Data provided: Begin
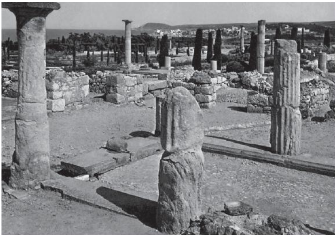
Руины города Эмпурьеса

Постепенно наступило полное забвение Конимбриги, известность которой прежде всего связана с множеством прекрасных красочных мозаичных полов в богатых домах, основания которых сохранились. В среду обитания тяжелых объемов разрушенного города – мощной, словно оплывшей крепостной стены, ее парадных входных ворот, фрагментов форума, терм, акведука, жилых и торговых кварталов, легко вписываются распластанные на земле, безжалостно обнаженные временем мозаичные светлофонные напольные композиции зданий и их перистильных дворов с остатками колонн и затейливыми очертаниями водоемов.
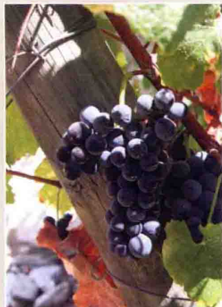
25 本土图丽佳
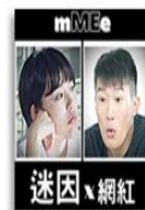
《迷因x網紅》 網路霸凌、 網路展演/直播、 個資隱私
Data provided: End
Data provided: Begin
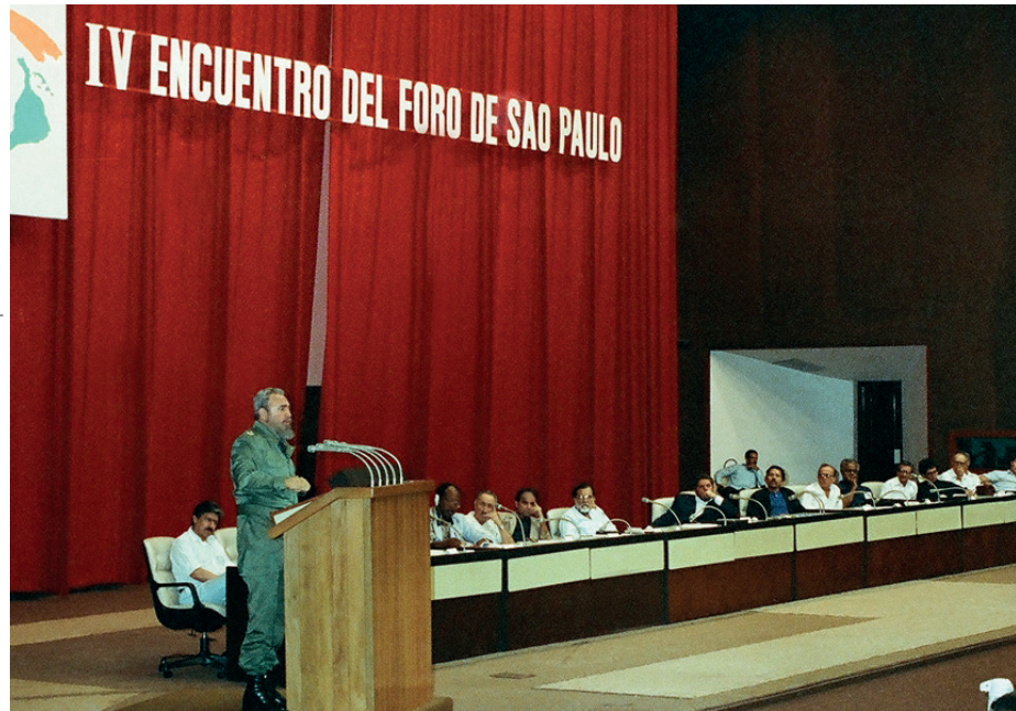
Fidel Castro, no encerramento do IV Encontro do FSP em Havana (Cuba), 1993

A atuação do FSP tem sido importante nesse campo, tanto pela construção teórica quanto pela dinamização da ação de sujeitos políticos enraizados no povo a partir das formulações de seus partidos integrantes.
Data provided: End
From the records above, retype only the lines starting at the line that contains "Fidel Castro, no" and ending at the line that contains "A atuação do", both included.

Written solution.
Fidel Castro, no encerramento do IV Encontro do FSP em Havana (Cuba), 1993

A atuação do FSP tem sido importante nesse campo, tanto pela construção teórica quanto pela dinamização da ação de sujeitos políticos enraizados no povo a partir das formulações de seus partidos integrantes.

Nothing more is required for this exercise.